Contingent Regulatory and Commercial Milestone Payments
We are required to make payments contingent on the achievement of certain regulatory and/or commercial milestones under the terms of our collaboration, license and other strategic agreements. Please refer to Note Q, "Collaboration, License and Other Strategic Agreements" to our consolidated financial statements included in this Annual Report on Form 10-K for more information regarding these contingent payments.
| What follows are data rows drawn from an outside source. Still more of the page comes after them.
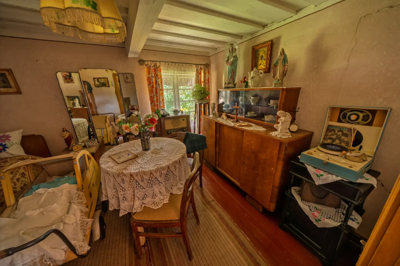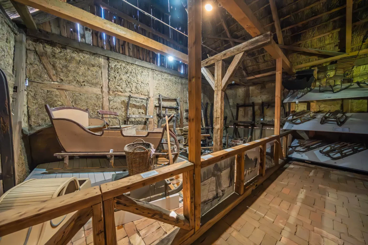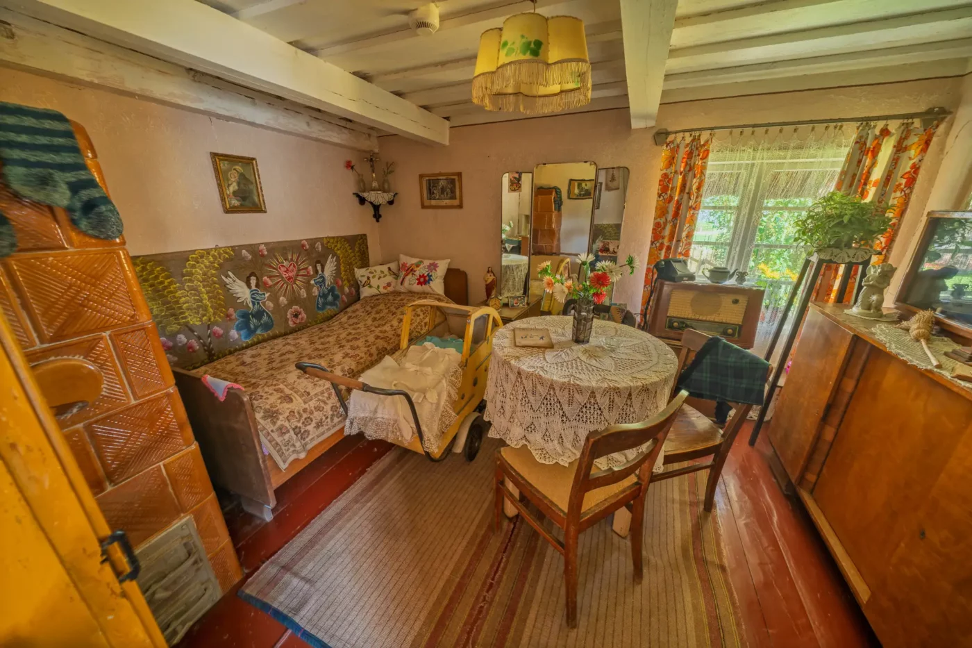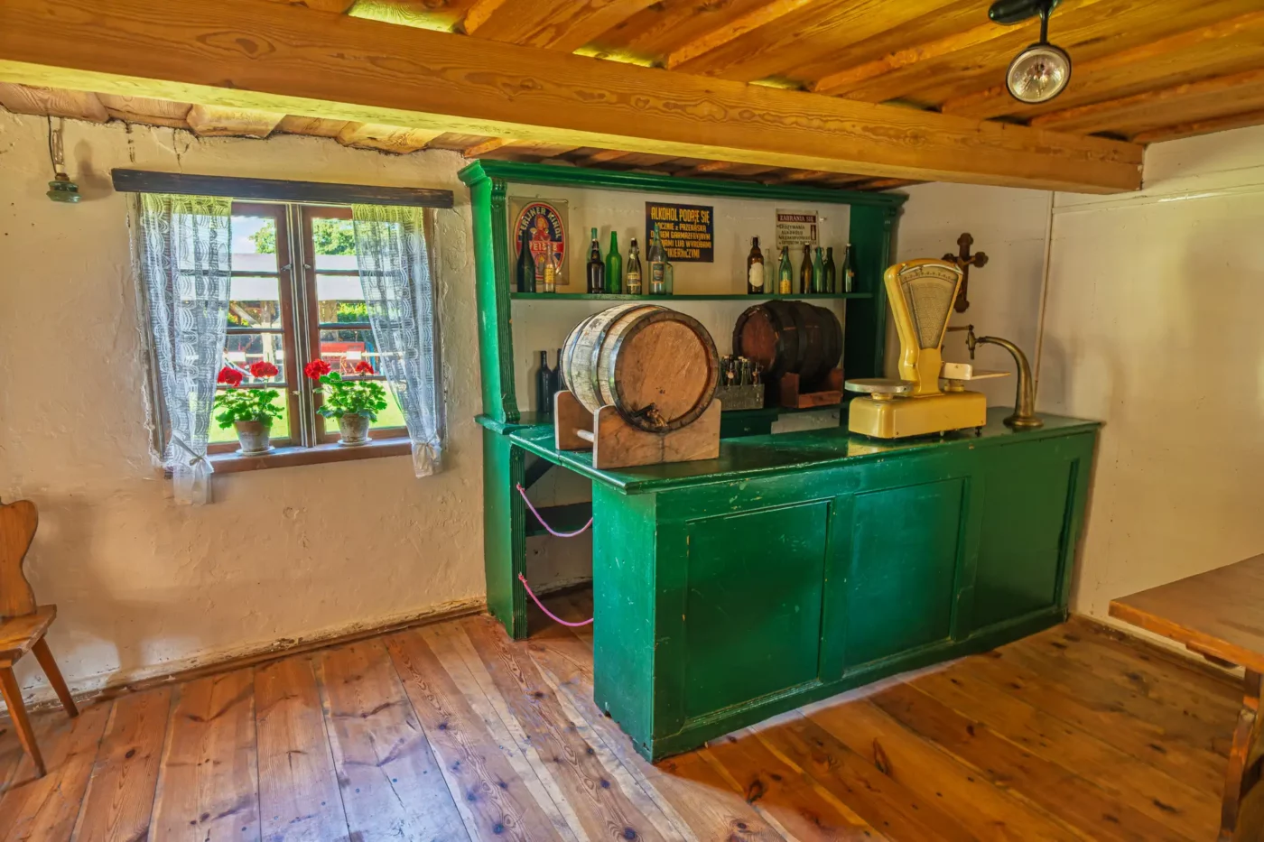 Jednak życie nad jeziorem miało dwa oblicza. Wystarczy przejść kilka kroków, by odkryć drugą część tej opowieści – świat kaszubskich rybaków. Skromniejsza chata, sieciarnia wypełniona narzędziami do naprawy sieci i sprzęt do połowu ryb to milczący świadkowie codziennej, ciężkiej walki z wodnym żywiołem. Każdy detal, od starannie zwiniętych lin po drewniane łodzie, opowiada o determinacji i głębokim szacunku do natury, która była jednocześnie żywicielką i potężnym przeciwnikiem.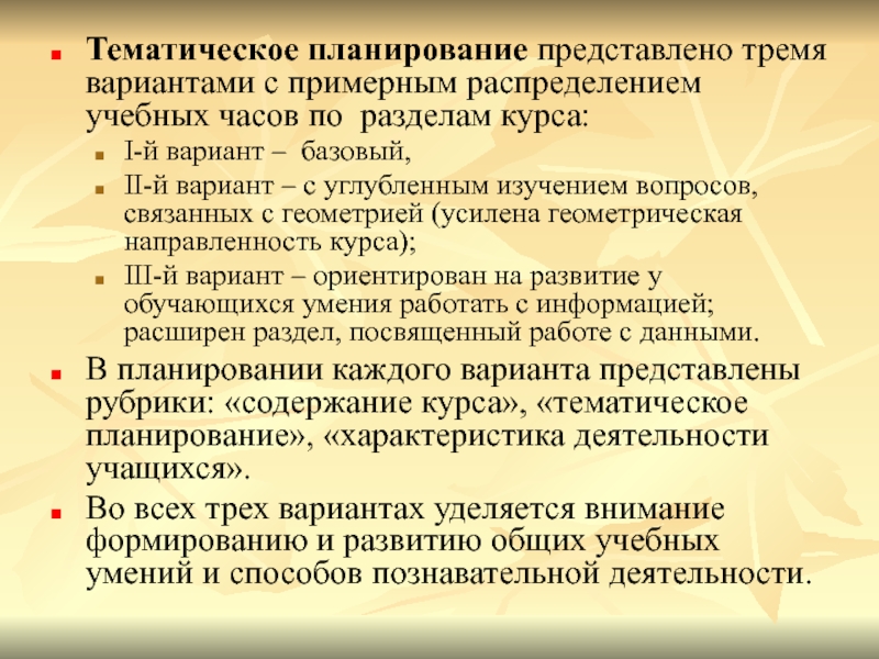 Слайд 7Тематическое планирование представлено тремя вариантами с примерным распределением учебных часов по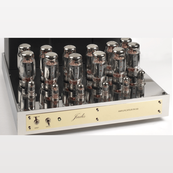 The Jadis PA100 is a stereo power amplifier that uses 12 power tubes. It produces a total power output of 150W in AB class. At the first sight one can see that this power amplifier is definitely from the Jadis' line of products. Golden front plate, high quality chassis, point-to-point wiring, massive output transformers and power transformer. As for all Jadis' units the PA100 is handcrafted in Villedubert in the Languedoc area.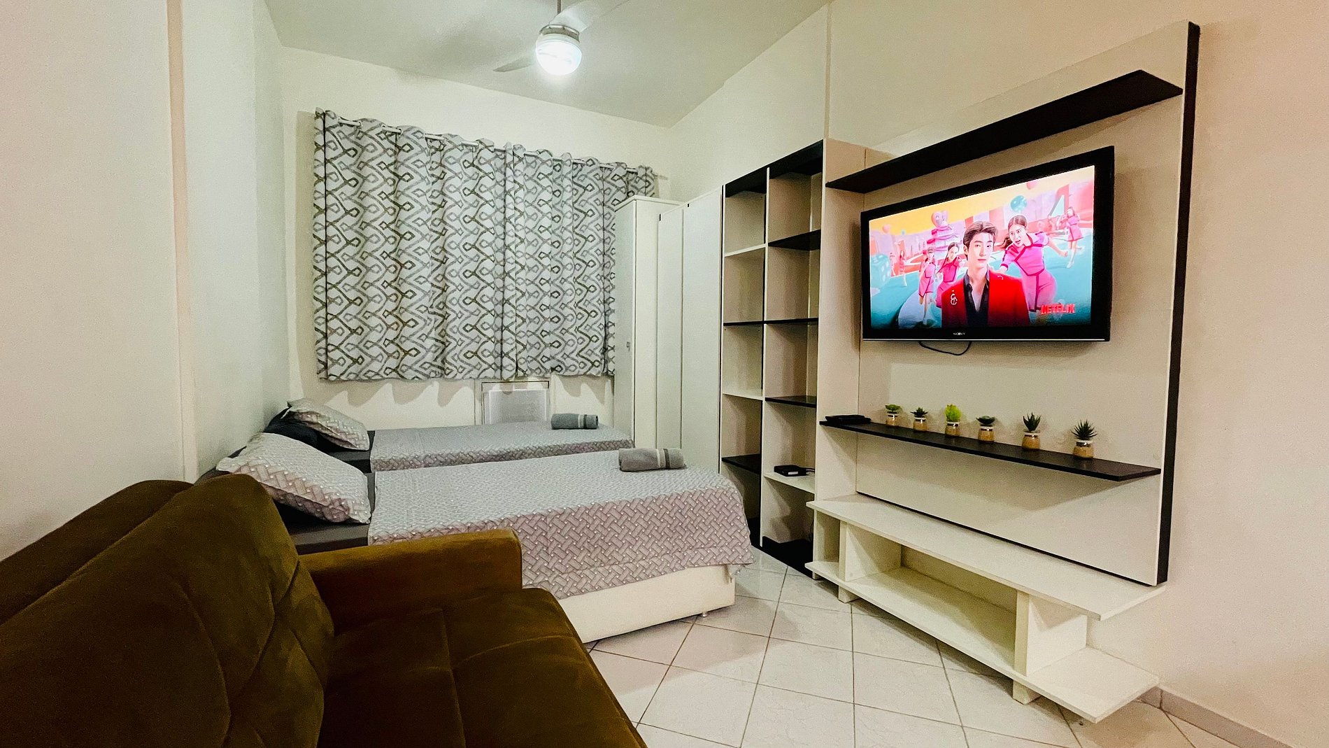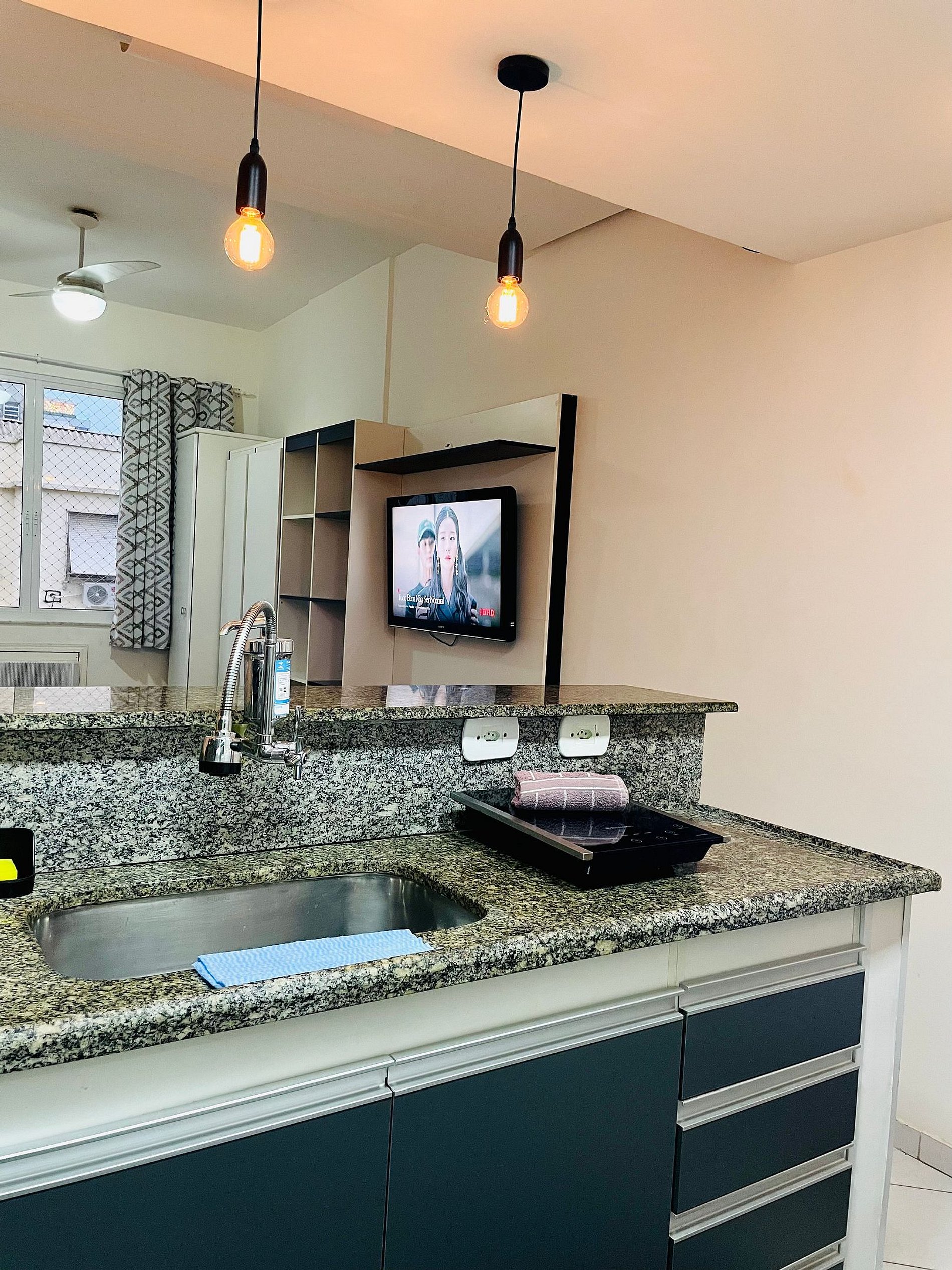 Aconchegante estudio no Leme a passos da orla! Possui todos os itens necessários para uma estadia confortável! Wi-Fi, TV com Netflix, ar condicionado, armário, duas camas de solteiro e um sofá-cama. Pequena cozinha americana completa com geladeira, microondas, cafeteira, cooktop, airfryer e outros utensilios. Banheiro com box blindex.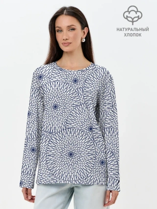 Лонгслив женский. Хлопок / БЕЛЫЕ ХРИЗАНТЕМЫ | ПАТТЕРН
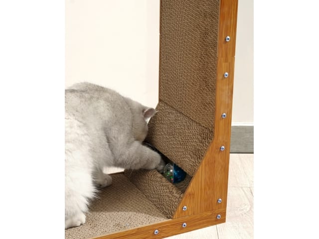 Struktura kartonu jest atrakcyjna dla kotów i skutecznie pomaga w ścieraniu pazurów, chroniąc meble i ściany.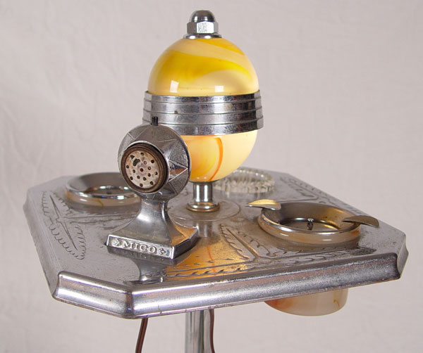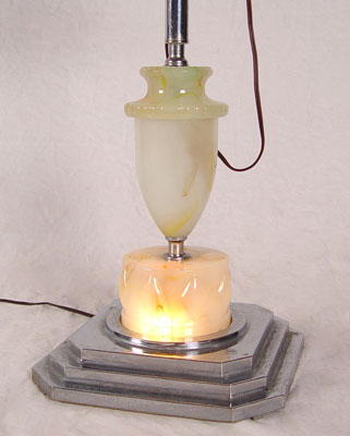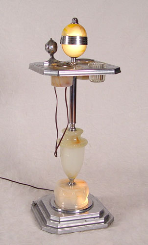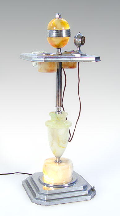 CHROME & AGATE ART DECO SMOKING STAND: Electric with light on base and top. 2 ashtray, glass cigarette holder and electric lighter inserts, unsure of working condition on lighter. Note condition of chrome. Please note middle amber has cracked section, held in by weight of top section. Measures 30'' high x 11 1/2'' square base.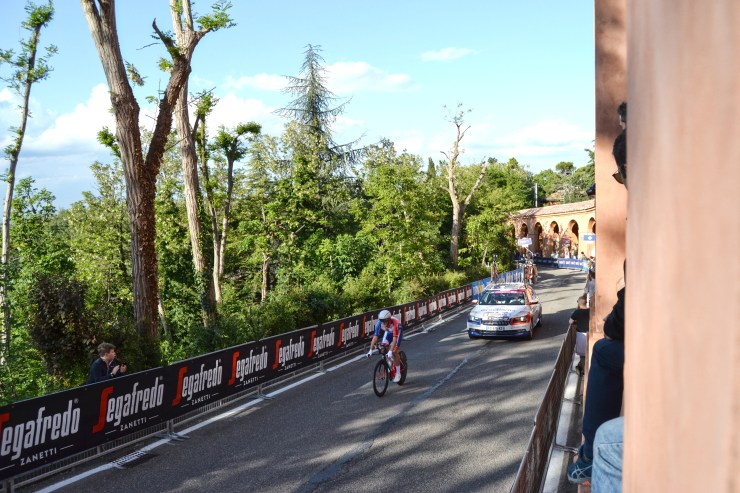 I corridori si piegano sulle appendici, lasciano cadere il sudore come lacrime, e attorno i massaggiatori si affannano per coprirli come madri, ma loro sono altrove, ancora dentro la bolla extraterreste della fatica, dove riecheggia tutto, dove non ti ricordi niente. Un minuto di apnea dalla vita. Morte apparente. E sullo sfondo il Santuario sulla collina, bello sì, ma troppo austero e lontano anni luce da quello che avrei bisogno per sentirmi in pace. Se mio nonno fosse qui, lo abbraccerei soltanto. Tutto il resto, lo capirebbe dai miei occhi, esattamente come sanno fare quelli che ti amano.
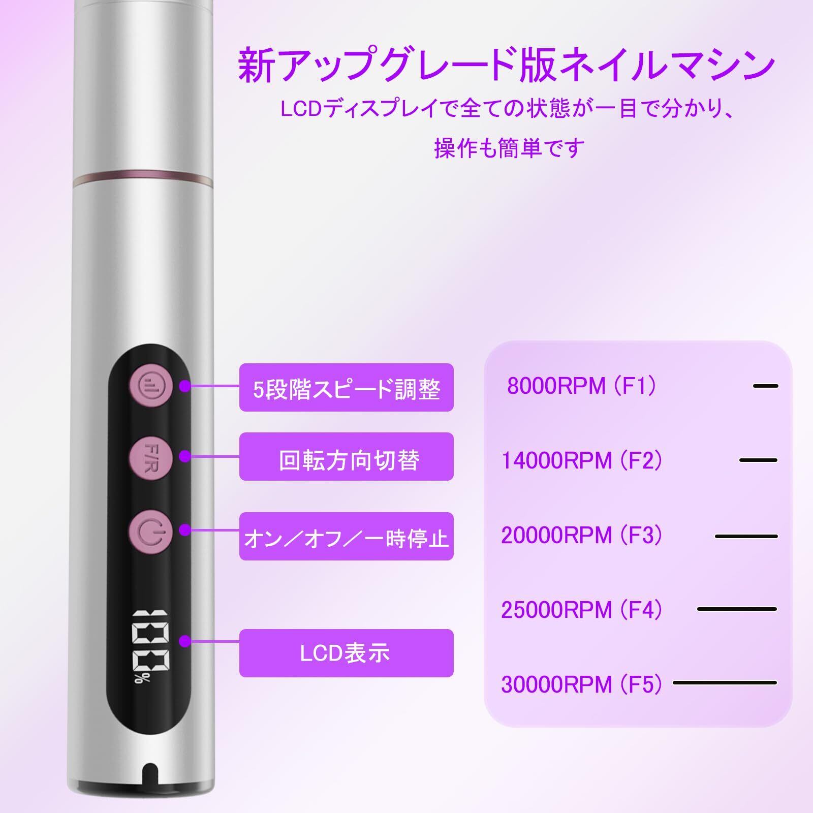 【LCDディスプレイ&5段階スピード調整】ネイルマシーンにはLCDディスプレイが搭載されており、作動状況、回転速度、回転方向、バッテリー残量を一目で確認できます。速度は8,000~30,000rpmの5段階で調整可能。さらに、一時停止機能やF/R(正転/逆転)切替機能も備えており、右利き・左利きどちらの方にも快適にお使いいただけます。プロのネイリストから初心者まで幅広く対応する設計です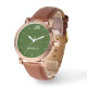 Dit elegante rozen gouden stijlvolle mannen is versierd met een robuuste bruine band, een groen gezicht en gepersonaliseerd met monogram en naam. U kunt het monogram en/of de naam eenvoudig wijzigen en desgewenst de witte vinkjes verwijderen. Wat een geweldig geschenk voor hem - een beste man, groomsman, bode, afstuderen, vaderdag, verjaardag, of een andere speciale gelegenheid. Alle rechten voorbehouden © 2024 Alan & Marcia Socolik.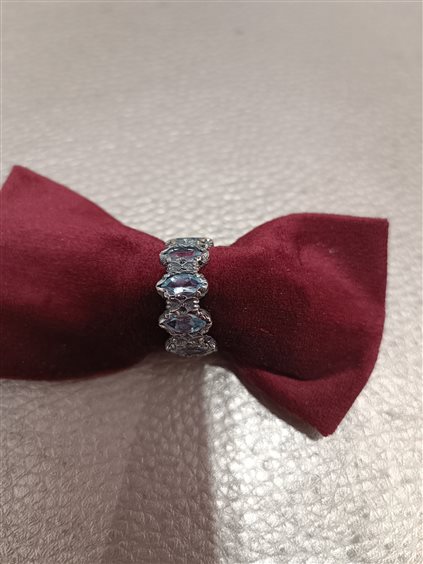 ANELLO IN ARGENTO INTAGLIATO CON 10 PIETRE NAVETTE VERTICALE TOPAZIO AZZURRO

Employment Arrangements We have entered into employment agreements or other arrangements with most of our executive officers and certain other employees, which provide for the continuation of salary and certain benefits and, in certain instances, the acceleration of the vesting of certain equity awards to such individuals in the event that the individual is terminated other than for cause, as defined in the applicable employment agreements or arrangements.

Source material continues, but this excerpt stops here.